DATA TO PROCESS —
┄┄┄┄┄┄
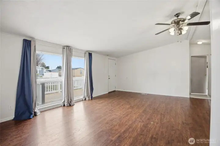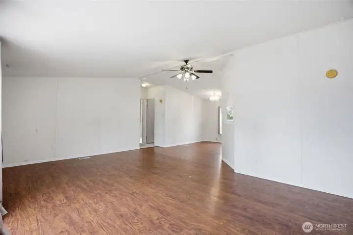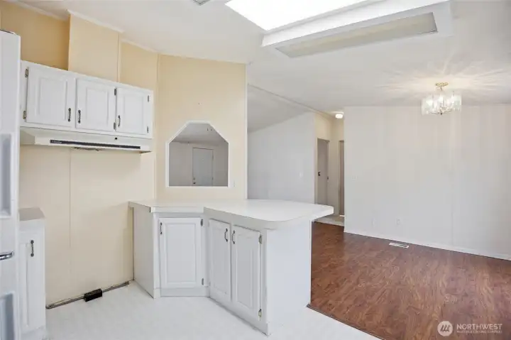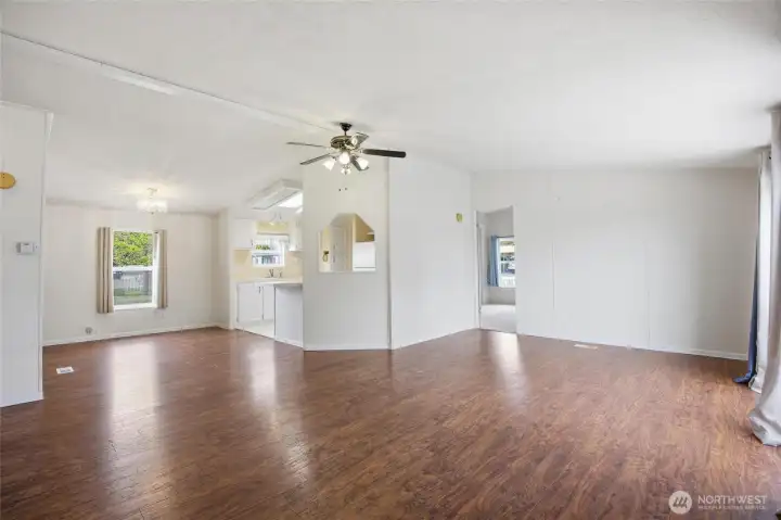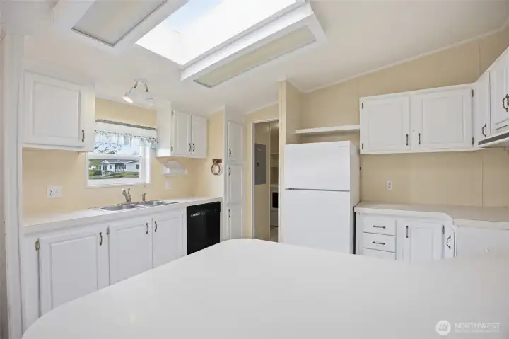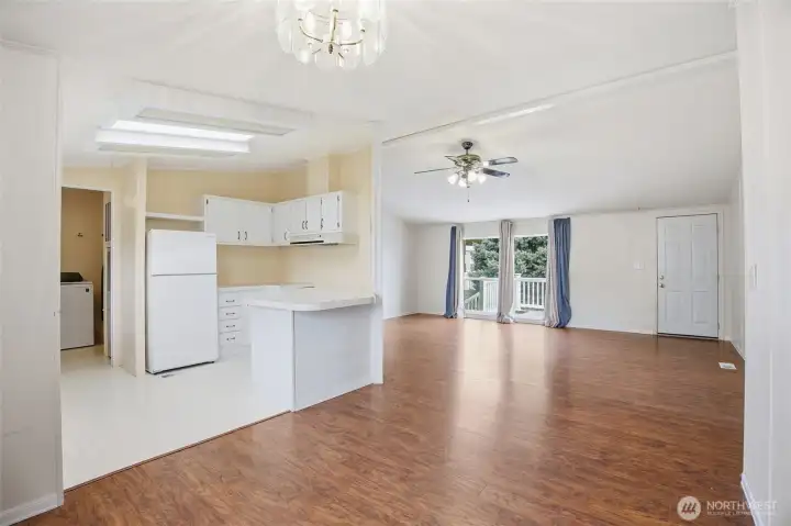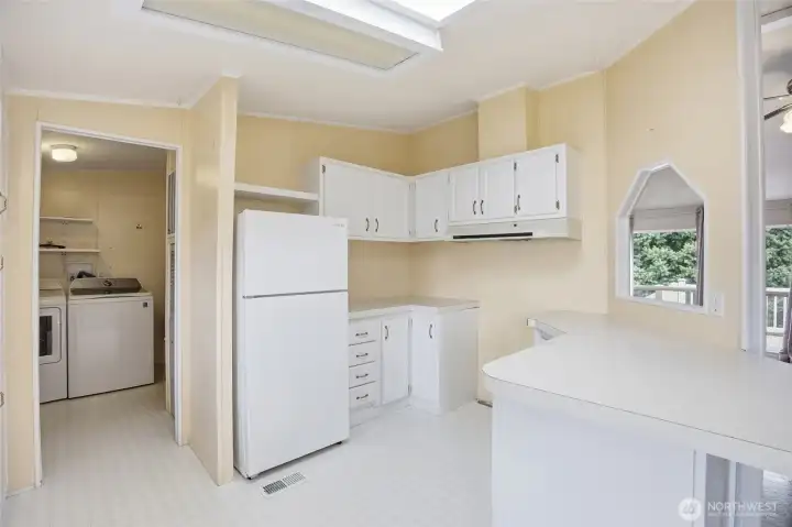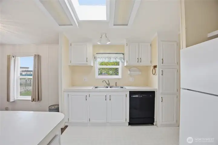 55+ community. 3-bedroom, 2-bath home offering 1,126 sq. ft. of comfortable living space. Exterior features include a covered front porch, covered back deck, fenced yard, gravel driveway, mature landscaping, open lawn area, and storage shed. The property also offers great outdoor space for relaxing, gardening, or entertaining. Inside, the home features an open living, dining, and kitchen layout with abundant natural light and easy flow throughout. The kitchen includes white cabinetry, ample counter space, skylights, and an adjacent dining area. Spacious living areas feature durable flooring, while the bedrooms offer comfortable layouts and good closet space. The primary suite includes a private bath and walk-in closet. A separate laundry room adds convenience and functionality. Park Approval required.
┄┄┄┄┄┄
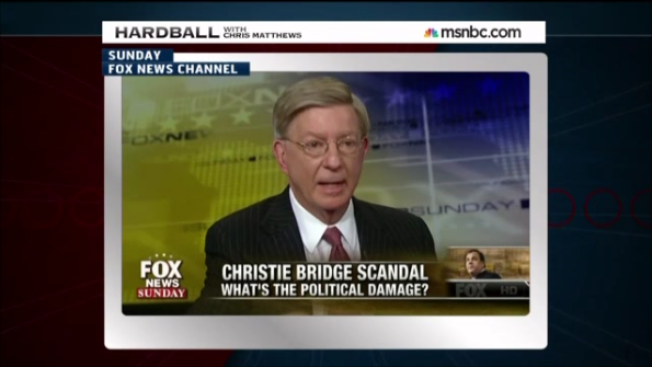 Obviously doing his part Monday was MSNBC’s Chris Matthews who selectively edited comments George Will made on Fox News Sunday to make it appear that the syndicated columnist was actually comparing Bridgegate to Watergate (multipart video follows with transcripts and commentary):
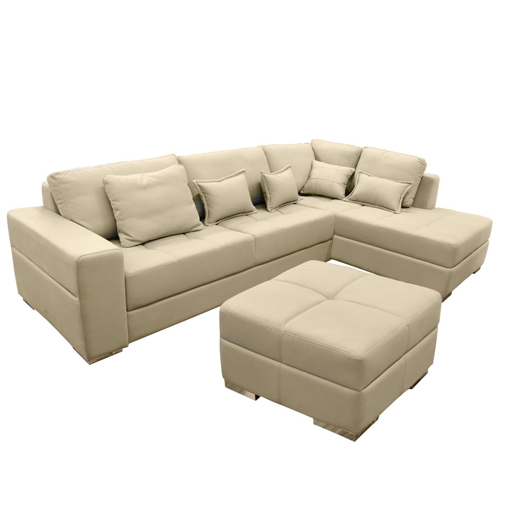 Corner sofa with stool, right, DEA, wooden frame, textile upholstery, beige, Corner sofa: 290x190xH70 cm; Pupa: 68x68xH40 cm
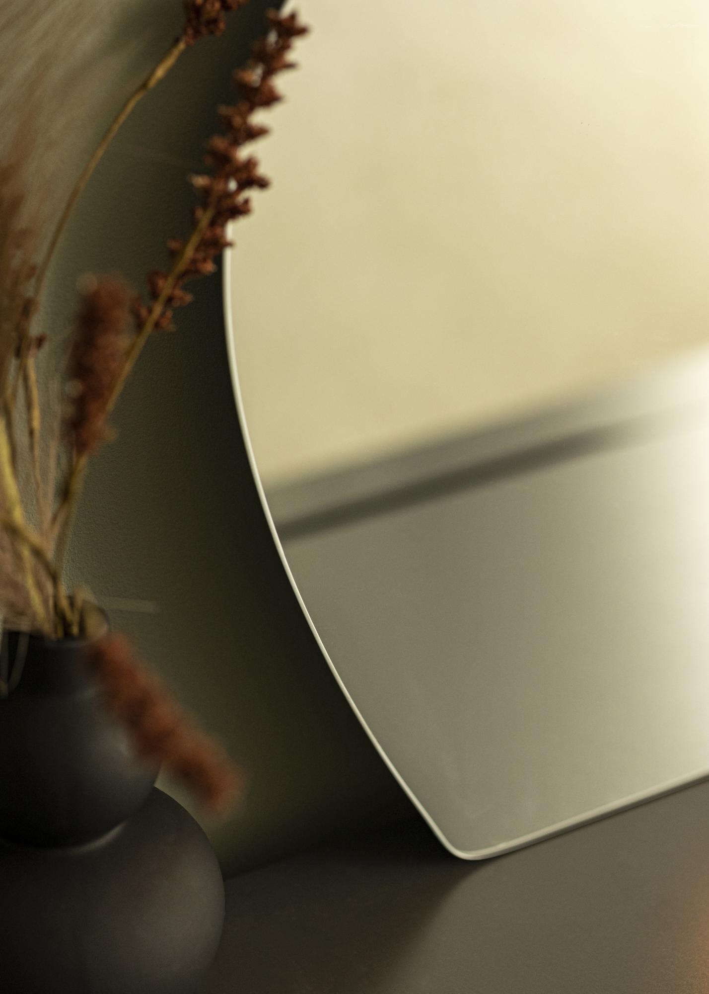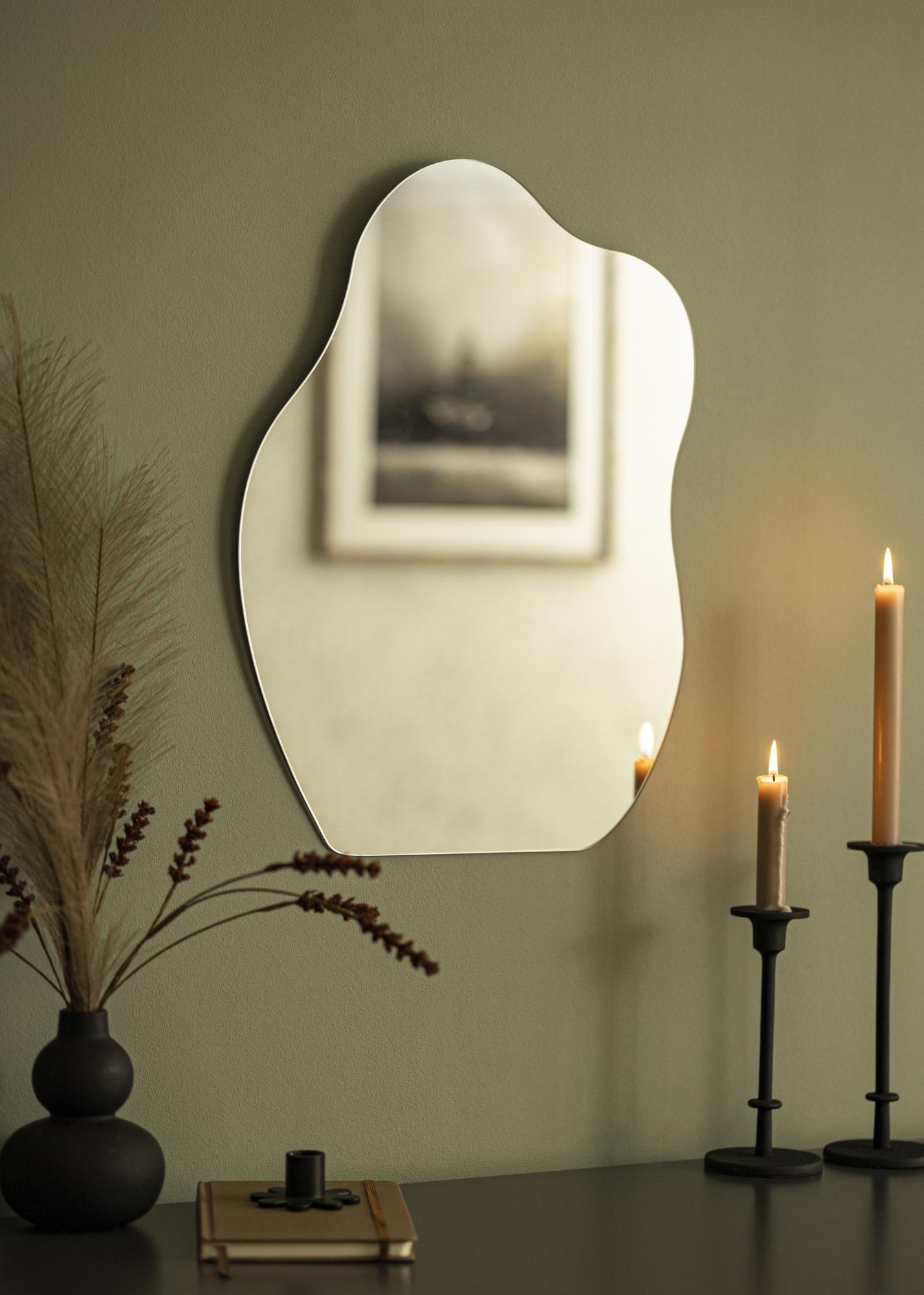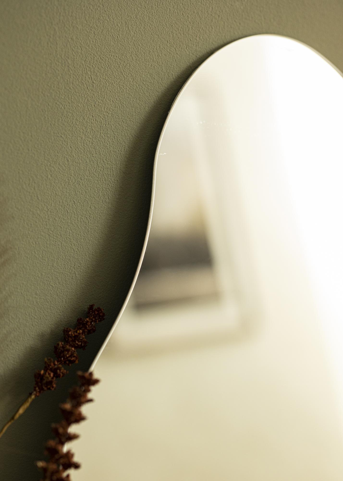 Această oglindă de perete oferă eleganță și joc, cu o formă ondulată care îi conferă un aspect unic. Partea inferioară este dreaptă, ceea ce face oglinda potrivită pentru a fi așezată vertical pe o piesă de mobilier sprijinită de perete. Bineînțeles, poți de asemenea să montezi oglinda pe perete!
┄┄┄┄┄┄
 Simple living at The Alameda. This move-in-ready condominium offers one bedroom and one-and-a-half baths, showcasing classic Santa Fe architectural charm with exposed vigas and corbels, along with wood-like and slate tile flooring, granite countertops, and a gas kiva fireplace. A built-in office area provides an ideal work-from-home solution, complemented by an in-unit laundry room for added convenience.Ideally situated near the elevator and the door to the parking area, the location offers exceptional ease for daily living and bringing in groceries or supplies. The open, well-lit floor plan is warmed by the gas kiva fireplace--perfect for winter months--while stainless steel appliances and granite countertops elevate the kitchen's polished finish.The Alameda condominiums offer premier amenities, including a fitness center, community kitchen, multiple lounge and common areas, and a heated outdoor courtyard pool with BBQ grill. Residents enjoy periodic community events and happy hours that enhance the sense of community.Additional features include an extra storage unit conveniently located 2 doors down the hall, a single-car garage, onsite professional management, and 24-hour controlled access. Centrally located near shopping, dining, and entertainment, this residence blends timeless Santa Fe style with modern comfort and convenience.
┄┄┄┄┄┄
WORK INSTRUCTIONS —
Extract, without any images, the part of the material above that opens with the line containing "Corner sofa with" and closes with the line containing "Această oglindă de", both lines included.

EXPECTED ANSWER —
 Corner sofa with stool, right, DEA, wooden frame, textile upholstery, beige, Corner sofa: 290x190xH70 cm; Pupa: 68x68xH40 cm
 Această oglindă de perete oferă eleganță și joc, cu o formă ondulată care îi conferă un aspect unic. Partea inferioară este dreaptă, ceea ce face oglinda potrivită pentru a fi așezată vertical pe o piesă de mobilier sprijinită de perete. Bineînțeles, poți de asemenea să montezi oglinda pe perete!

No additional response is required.